(Beginning of Excerpted data)

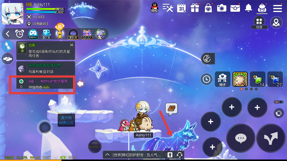 4、完成【制作灿烂的流星雨】任务要求后,与天狼对话领取奖励,解锁新内容继续冒险吧。
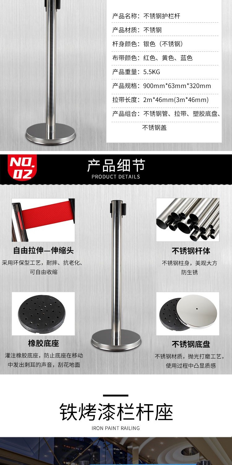 一米線欄杆座隔離帶伸縮帶學校酒店銀行排隊護欄活動不鏽鋼圍欄
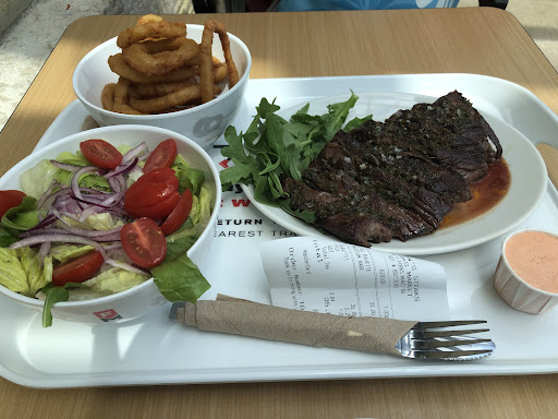 Read moreI came looking to try out their 16OZ NY Striploin, however their menu has been recently updated and this is no longer offered. At the cashier's recommendation, I went with the 16OZ Bavette (flank) Steak.
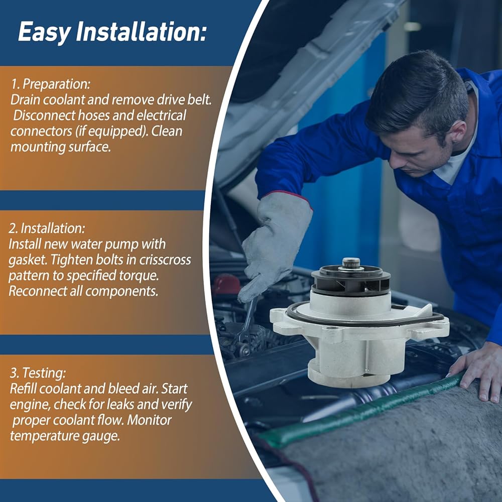 تضم سيارة مضخة المياه المثالية التي تم تصميمها كبديل مباشر OE ، وتشمل مجموعة مضخة المياه هذه جميع الحشيات والأختام اللازمة لتركيب خالٍ من المتاعب ، مما يضمن توافقًا سلسًا مع سيارتك.
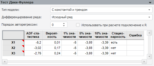 Тест Дики-Фуллера является средством проверки стационарности временного ряда. Результаты расчеты данного теста для каждой исследуемой переменной отображаются на соответствующей панели:

(End of Excerpted data)

Your copy should match the records above word for word, but without images.

**Solution:**
 4、完成【制作灿烂的流星雨】任务要求后,与天狼对话领取奖励,解锁新内容继续冒险吧。
 一米線欄杆座隔離帶伸縮帶學校酒店銀行排隊護欄活動不鏽鋼圍欄
 Read moreI came looking to try out their 16OZ NY Striploin, however their menu has been recently updated and this is no longer offered. At the cashier's recommendation, I went with the 16OZ Bavette (flank) Steak.
 تضم سيارة مضخة المياه المثالية التي تم تصميمها كبديل مباشر OE ، وتشمل مجموعة مضخة المياه هذه جميع الحشيات والأختام اللازمة لتركيب خالٍ من المتاعب ، مما يضمن توافقًا سلسًا مع سيارتك.
 Тест Дики-Фуллера является средством проверки стационарности временного ряда. Результаты расчеты данного теста для каждой исследуемой переменной отображаются на соответствующей панели:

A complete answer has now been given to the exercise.